Yes, compelling drama leads to changed characters, but the most interesting thing about New Adult is not that the characters are casting things off, but that they are exploring and accepting that which they already are.

Toward a new definition of New Adult


I'll likely write several articles that further explicate this concept. But I started this article asking: Is it all about sex? So let's return there.

Late adolescence is about transitioning from 'Who am I by myself?' to 'Who am I in this larger world?' Thus, New Adult will contain themes of growth and change, and yes, sex. But it is fundamentally about Intimacy vs. Isolation, in the words of Erikson. It is about being both one's self, and being with others. Relationships, friendships, marriages and families all contain elements of this.

Sex is the capital upon which the emergent self-esteem is valued. Even among friends, sexual appeal garners distinctions and power. It is inescapably part of being human.

I don't argue that we try, but I do argue that sex is a symptom. A compelling, marketable symptom, but not the underlying structure under examination.

New Adult is not about sex. New Adult is about moving from the more rigid structures of mid-adolescents into the near free-fall of psuedo-adulthood and the compelling angst and confusion that process creates in individuals whose brains are still settling and forming.

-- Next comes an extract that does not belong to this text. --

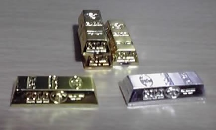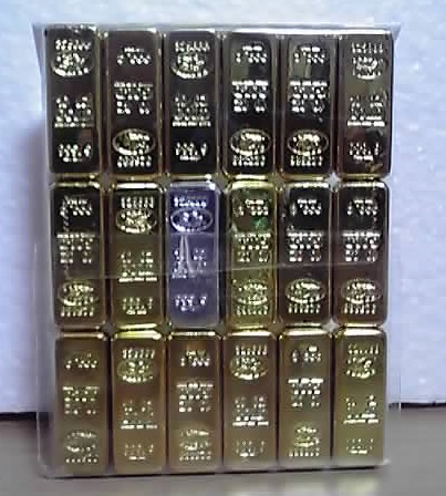 金塊の形状は2種類あり、それに金メッキと銀メッキの違いがあるので全部で4種類みたいです。中古ショップで、24本入りで108円。2セット買いました。ゲーセンの玩具を掬うゲームに入ってる物だと思われます。S.H.Figuarts.の両さんに持たせて一攫千金!とか、ショッカー戦闘員に運ばせるとか、使い道はいろいろありそうです(^^)
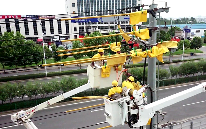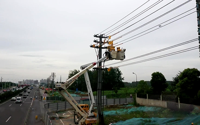 在電力桿線遷改施工現(xiàn)場,4名帶電作業(yè)人員嚴格做好安全措施后,穿上黃色的絕緣服,乘坐徐工GKJH21絕緣斗臂車升入高空,將跨滁河大橋上的原10千伏泗水04線上電纜與架空線連接引線斷開,為當日連接新建線路做準備。整個施工過程高效、安全、平穩(wěn),獲得現(xiàn)場施工負責人的認可。

New Adult is about the quest for self-definition, not absent the world, but in relationship with it. Heroes do not quest through the underworld for some personal enlightenment. They cross the swampy nether regions of their own world and attempt to keep their head above water while learning to live not just for themselves, but for those they care about as well.

New Adult will never be without sexual power and politics, but it need not find itself solely concerned with it either. Every late adolescent must face the possibility of isolation and the question of intimacy, and while sexuality is the capital upon which that is traded, the value of it to each individual is markedly different.

For some, it may hold no value at all.